The GATK (Genome Analysis Toolkit) is the most used software for genotype calling in high-throughput sequencing data in various organisms. Its Best Practices are great guides for various analyses of sequencing data in SAM/BAM/CRAM and VCF formats. However, the GATK was designed and primarily serves to analyze human genetic data and all its pipelines are optimized for this purpose. Using the same pipelines without any modifications on non-human data can lead to some inaccuracy. This is especially an issue when a reference genome is not the same species as analyzed samples.

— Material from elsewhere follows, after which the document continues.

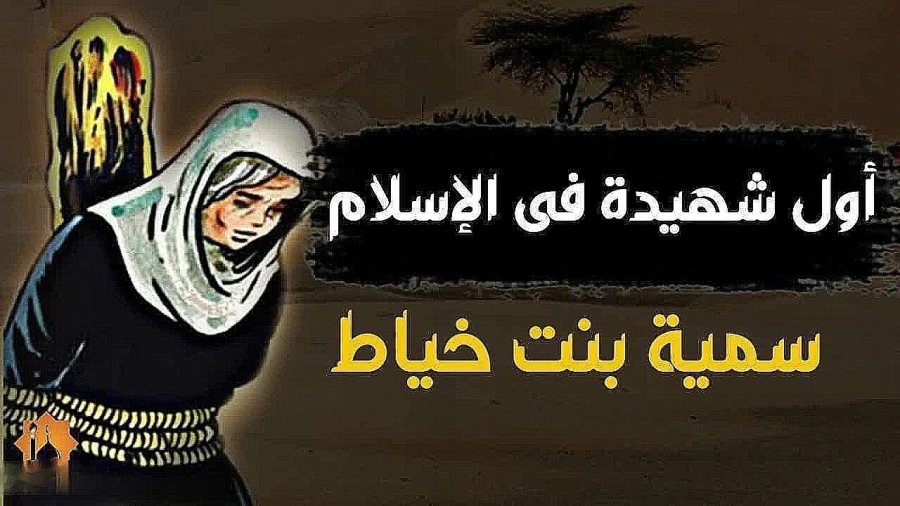 وهي أول شهيدة في الإسلام، هذه الصحابية الجليلة لم تكن ذات حسبٍ، ولا نسبٍ، ولا جمال، بل كانت عبدة ضعيفة ساقَهَا الذُّل قبل انتشار الإسلام لمكة حتى تتخلّص هي وعائلتها من الاستعباد. إنّها سمية زوجة ياسر بن عمار، ووالدة عمّار بن ياسر الذي اعتنق الإسلام مُتخفّياً في دار الأرقم، ثم عاد مسروراً إلى أمّه يُبشّرها بذلك الدين العدل، ويتلو عليها: ” يَا أَيُّهَا النَّاسُ إِنَّا خَلَقْنَاكُمْ مِنْ ذَكَرٍ وَأُنْثَى وَجَعَلْنَاكُمْ شُعُوبًا وَقَبَائِلَ لِتَعَارَفُوا إِنَّ أَكْرَمَكُمْ عِنْدَ اللَّهِ أَتْقَاكُمْ إِنَّ اللَّهَ عَلِيمٌ خَبِيرٌ” سورة الحجرات،13 ، فقرّرت فوراً اعتناق الدين الذي سوف يُحرّرها من الذّل، وينشر الكرامة والعدالة. كانت من أول ستة اعتنقوا الإسلام في مكة بعد الرسول عليه السلام، هي وابنها عمّار، حيث بايعت الرسول عليه السلام فور سماعها بالدين، فقد ذاقت هي وعائلتها أقصى أنواع العذاب حتى تترك الإسلام ولكنّها لم تضعف يوماً، كان يمرّ عليه الصلاة السلام وهم يُعذّبون ويقول لهم: ” صبراً آل ياسر، صبراً آل ياسر فإنّ موعدكم الجنة”. بقيت سميّة ثابتة على موقفها حتى تحت وطأة أشد العذاب، وروي إنّه مرّة واحدة فقط انهالت دموعها، وظنّ جلّادها أنها تبكي ألماً وقهراً، لكنّها كانت تبكي على ابنها عمّار الذي كان يُعذّب أمامها، وكانت تُردّد له: ” إيّاك والكفر يا عمار” حتى استُشهدت رضي الله عنها على يد أبو جهل عندما سمعها تردد ” أَحَد، أحد ،الله أكبر” ورفضت الكفر، فطعنها في قلبها، وكانت بذلك أول من استشهد من النساء في الإسلام، ثم لحقت بها عائلتها.

Here, I describe my GATK pipeline of genotype calling on whole genome sequencing data of Capsella bursa-pastoris, a non-model organism with the reference genome available only for a sister species. Although it is a particular study case, I believe that the explanation of my modifications can help other researchers to adopt this pipeline to their non-model organisms.

Check sequences quality

Before the analysis, it is a good practice to check the quality of the sequence data and make sure that there is nothing wrong with it. I recommend using FASTQC for this purpose. There is a graphical interface, but I prefer to use the command line:

fastqc input.fq.gz

FASTQC: Per base quality
The output is in an HTML file with a graphical representation of various quality metrics. Here is a video explaining the output. Make sure that there is no major problem in your data.
Some researchers trim low-quality sequence tails using tools like Trimmomatic. I think that this step was useful in the past, but with the current state of sequence quality, it is not necessary anymore. Moreover, there is evidence that trimming introduces false variants.

Align to the reference genome

GATK Best Practice recommends using BWA aligner for DNA data. BWA is probably the best software in terms of accuracy and speed for mapping sequences with low divergence from a reference. In non-model organisms, the common problem is that the only reference genome available is a sister species that can be considerably divergent. So, one has to use an aligner that accounts for this divergence.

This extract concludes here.